Right off the bat I'm getting an "I don't know" which is dissapointing but not suprising since Wikipedia probably wouldn't have enough details on how to build a RAG system with LangChain.

In [32]:
pprint.pprint(qa_with_source.invoke("What is LangChain?"))

{'query': 'What is LangChain?',
 'result': 'LangChain is a software framework that helps facilitate the '
           'integration of large language models (LLMs) into applications. It '
           'is used for various purposes, including document analysis and '
           'summarization, chatbots, and code analysis.',
 'source_documents': [Document(metadata={'source': 'https://en.wikipedia.org/wiki/LangChain', 'title': 'LangChain', 'summary': "LangChain is a software framework that helps facilitate the integration of large language models (LLMs) into applications. As a language model integration framework, LangChain's use-cases largely overlap with those of language models in general, including document analysis and summarization, chatbots, and code analysis.\n\n"}, page_content="LangChain is a software framework that helps facilitate the integration of large language models (LLMs) into applications. As a language model integration framework, LangChain's use-cases largely overlap with 

This response wasn't that bad.
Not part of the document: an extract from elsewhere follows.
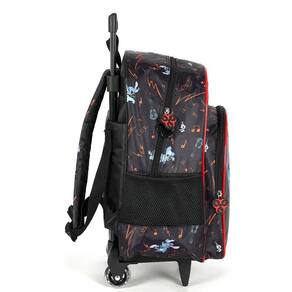 Mochila de rodinhas com alça, bolsos laterias em tela com elástico, alças de costas espumadas e reguláveis, silk frontal, bolso frontal com zíper, alça de mão e etiquetas personalizadas.

It was definitely shorter than I expected but the response it gave was accurate and to the point.

In [33]:
pprint.pprint(qa_with_source.invoke("How can I use LangChain?"))
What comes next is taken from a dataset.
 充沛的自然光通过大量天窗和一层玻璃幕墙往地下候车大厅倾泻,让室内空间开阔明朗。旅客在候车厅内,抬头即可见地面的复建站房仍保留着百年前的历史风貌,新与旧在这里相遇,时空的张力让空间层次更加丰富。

{'query': 'How can I use LangChain?',
 'result': "I don't know.",
 'source_documents': [Document(metadata={'source': 'https://en.wikipedia.org/wiki/LangChain', 'summary': "LangChain is a software framework that helps facilitate the integration of large language models (LLMs) into applications. As a language model integration framework, LangChain's use-cases largely overlap with those of language models in general, including document analysis and summarization, chatbots, and code analysis.\n\n", 'title': 'LangChain'}, page_content="LangChain is a software framework that helps facilitate the integration of large language models (LLMs) into applications. As a language model integration framework, LangChain's use-cases largely overlap with those of language models in general, including document analysis and summarization, chatbots, and code analysis."),
                      Document(metadata={'title': 'LangChain', 'source': 'https://en.wikipedia.org/wiki/LangChain', 'summary': "LangChain 

Similar to the RAG question, this one also returned "I don't know". I think this is because the Wikipedia page doesn't have enough information on how to use LangChain in general.

In [34]:
pprint.pprint(qa_with_source.invoke("What is the purpose of LangChain?"))
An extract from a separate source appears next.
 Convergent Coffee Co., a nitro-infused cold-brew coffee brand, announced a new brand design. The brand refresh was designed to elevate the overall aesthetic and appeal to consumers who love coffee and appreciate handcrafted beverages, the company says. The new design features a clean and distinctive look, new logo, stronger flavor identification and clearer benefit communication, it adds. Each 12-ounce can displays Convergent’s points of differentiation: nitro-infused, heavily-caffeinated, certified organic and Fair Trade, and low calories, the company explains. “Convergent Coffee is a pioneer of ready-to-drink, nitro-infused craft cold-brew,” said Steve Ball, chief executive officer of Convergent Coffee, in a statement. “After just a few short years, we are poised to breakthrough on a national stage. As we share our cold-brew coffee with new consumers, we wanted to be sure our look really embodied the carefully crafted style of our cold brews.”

{'query': 'What is the purpose of LangChain?',
 'result': 'LangChain is a software framework designed to facilitate the '
           'integration of large language models (LLMs) into applications.',
 'source_documents': [Document(metadata={'title': 'LangChain', 'source': 'https://en.wikipedia.org/wiki/LangChain', 'summary': "LangChain is a software framework that helps facilitate the integration of large language models (LLMs) into applications. As a language model integration framework, LangChain's use-cases largely overlap with those of language models in general, including document analysis and summarization, chatbots, and code analysis.\n\n"}, page_content="LangChain is a software framework that helps facilitate the integration of large language models (LLMs) into applications. As a language model integration framework, LangChain's use-cases largely overlap with those of language models in general, including document analysis and summarization, chatbots, and code analysis."),
     

This response seemed too similar to the response about "what is LangChain?". It seems like the model is just repeating itself. I think this is because the Wikipedia page doesn't have enough information on the purpose of LangChain. At some level, maybe the original response was good enough to answer this question as well, but it would have been nice to see a more detailed response.